[tdwg-ncd] RE: NCD status summary

Neil Thomson N.Thomson at nhm.ac.uk
Tue Jun 5 16:12:01 CEST 2007


Hi Markus,

Comments on stripped down version below ...

Neil 
-----

> ##NT: Only the NCDID needs to be generated, probably as an LSID.  
> All other identifiers are taken from elsewhere (i.e.the "source")

so my assumption is correct. One NCD id plus any number of associated  
IDs NCD software doesnt need to understand. Thats what the current  
schema reflects.

NT- Correct: although it may need to understand <parentCollectionID>

> ------------------
>
> - are multiple parent collections & parent institutions allowed?
> currently this is not
>
> ##NT: Yes, they should be allowed
both, multiple institutions and multiple parent collections? I know  
we had this in biocase, but not many people made use of it. And this  
is the kind of change in data structure which affects our software a  
lot. With a single hierarchy you have a nice tree, with multiple  
parents you got a nasty graph which is hard to present. If this is  
needed only in 1% of the cases I actually think we should ignore it,  
people should rather indicate this in notes I believe. But if its an  
important and frequent problem we have to deal with it, sure. What do  
you reckon?

NT- Yes, Ruud also says he cannot cope with this and is unable to think of any examples, so maybe we should not bother adding it and just leave the status quo. 

> ------------------
>
> - what is "richRecordSearchString" in contrast to
> "collectionDatabaseURL"? what about "objectAccessService" and simply
> "furtherInformation" ?
>
> ##NT: The "collectionDatabaseURL" is the URL of the database that  
> holds item-level data for the collection being described in this  
> NCD record. The "richRecordSearchString" is what should be used in  
> that database to get directly to the relevant record. To take an  
> example, there will be an NCD record describing a herbarium. The  
> "collectionDatabaseURL" will be to the Index Herbariorum  
> WebDatabase and the "richRecordSearchString" will contain the coden  
> for the herbarium so that the full description of the herbarium can  
> be found by adding the two together. I have no objection to  
> "objectAccessService" for the latter, but the former is more  
> explicit than "furtherInformation".

Now Im confused. I assumed we deal with 2 different things here.
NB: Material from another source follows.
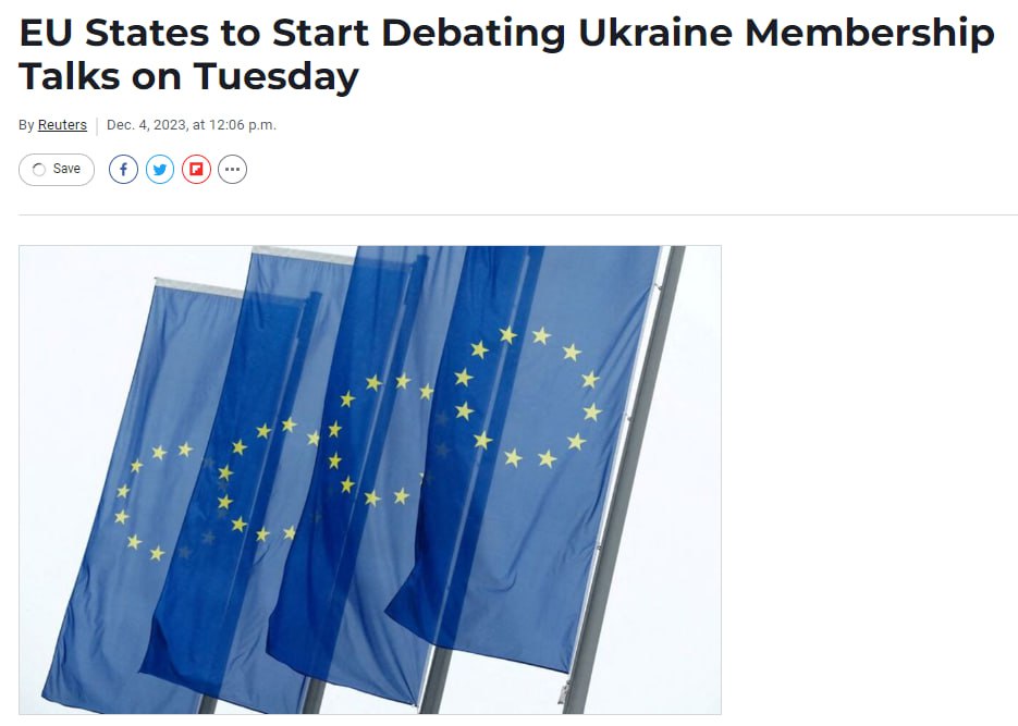 Лидеры 27 стран ЕС на саммите 14-15 декабря решат начать переговоры с Украиной и Молдовой о вступлении в состав сообщества.

A) link to a service that gives access to individual collection items.
This doesnt necessarily have to be a database, so this is why I  
suggest to rename collectionDatabaseURL into collectionObjectAccess  
(or collectionItemAccess, objectLevelAccess?)

NT- OK, I can go with that.

B) further eventually more detailed information about this collection  
meta record. Thats why I suggested furtherInformation (or the dublin  
core pendant)

NT- This is probably not needed, since there is a <relatedResources> element just above.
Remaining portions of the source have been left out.